Treatment options in Korea
→ Korea is globally recognized for aesthetic injection safety protocols, including advanced vascular occlusion management.
- Emergency readiness → top clinics always stock hyaluronidase, aspirin, nitroglycerin, and sterile kits for rapid response.
- Highly trained injectors → Korean dermatologists and plastic surgeons receive rigorous training in complication management.
- Advanced monitoring → AI-assisted imaging and dermoscopy are sometimes used to track skin reperfusion after occlusion.

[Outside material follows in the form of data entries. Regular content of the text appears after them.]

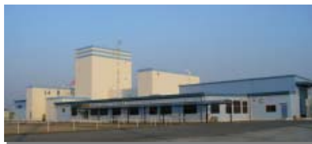
四日市コンテナ検査センター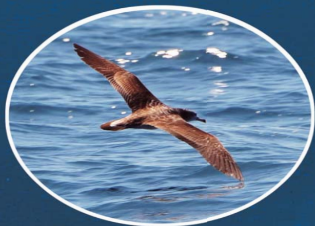
9. オオミズナギドリ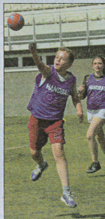
Tir en extension.

- Collaboration with hospitals → strong referral systems to ophthalmology and emergency care for vision-related occlusions.
- Post-recovery programs → clinics provide scar prevention counseling, wound care, and aesthetic correction if needed.
- Medical tourism services → international patients are reassured by Korea’s strong safety culture and emergency preparedness.
→ With Korea’s emphasis on precision, safety training, and comprehensive aftercare, vascular occlusion protocols are considered among the most advanced in the world.